Two years before the murders and Simpson’s trial captured national attention, the eyes of the world were rivetted on Los Angeles awaiting the verdict of the LAPD cops responsible for the Rodney King beating. King’s beating was caught on camera and the cry for justice could not be ignored. The abuse the LAPD heaped on the Black community had been documented and reported for decades and had gone unanswered. Many believed that though the King beating was unfortunate because it was recorded and shared with the world, there would finally be justice for a community terrorized by the LAPD. The resulting ‘not guilty’ verdict shocked and angered many. The Black community raged at the blatant miscarriage of justice and took to the streets spawning riots that would last four days. The violence was not a response to just the King verdict; it had been brewing for decades. The L.A. riot may have been cathartic, but it was not justice. The LAPD and racial inequality still won.
Though Simpson had abandoned the black community, for many represented the height of success for a black man. Simpson’s football prowess rocketed him to the wealth and power black men rarely see, especially a black man coming up from poverty and government housing. Simpson may have tried to erase his blackness, but for black people he was a role model and something to reach for. Even black people understood that Simpson’s acceptance by a white audience was responsible for his status. Simpson had made it despite being a black man in white America. When Simpson was arrested for the murders of Brown and Goldman, much of black America was ready to root for him.

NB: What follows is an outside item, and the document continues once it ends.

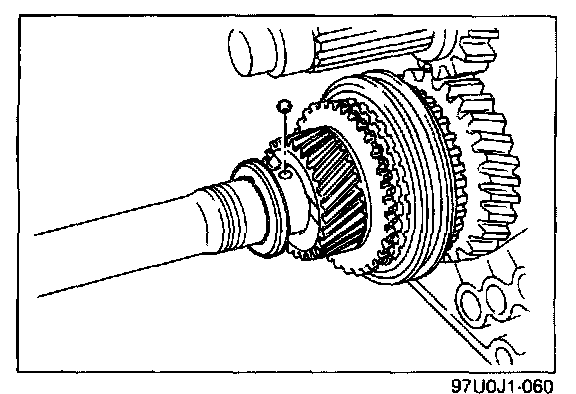 2. Slide the clutch hub sleeves onto 1st and reverse gears to lock the mainshaft.

With the “Dream Team” consisting of Johnny Cochran, Robert Shapiro, F. Lee Bailey and a few other high-powered attorneys at his side, the trial began in January 1995. Marcia Clark and Christopher Darden were the District Attorneys prosecuting the case and built a case on the evidence collected at the crime scene and Simpson’s estate. But it was not enough. The world watched as Cochran and the Dream Team presented a defense that alleged mishandling of evidence and mishandling of evidence by the prosecution’s star witness, Mark Fuhrman. A trial that should have been about the science quickly turned into one about race and the history injustice and racism by the LAPD against black people. Johnnie Cochran spent the next year reconstructing O.J.’s blackness and building him as a symbol of racial injustice. Even though Simpson had not concerned himself with being Black in America, Black people rallied around him when it appeared he was being railroaded by the LAPD. While race was not the only reason the prosecution lost its case, it was the most defining. In a poll by the L.A. Times, 65% of whites believed Simpson was guilty, but 77% of blacks believed he was innocent. In an interview for Edelman’s documentary, juror Carrie Bess asserts that Simpson’s acquittal was payback for the Rodney King beating and acquittal, but another juror denies this instead saying the prosecution lost the case because it was weak. But maybe it was a bit of both.
–– A. Latson
Edelman, Ezra. O.J.: Made in America.
Decker, Cathleen. “THE TIMES POLL: Most in County Disagree with Simpson Verdicts.” Los Angeles Times. 8 October 1995.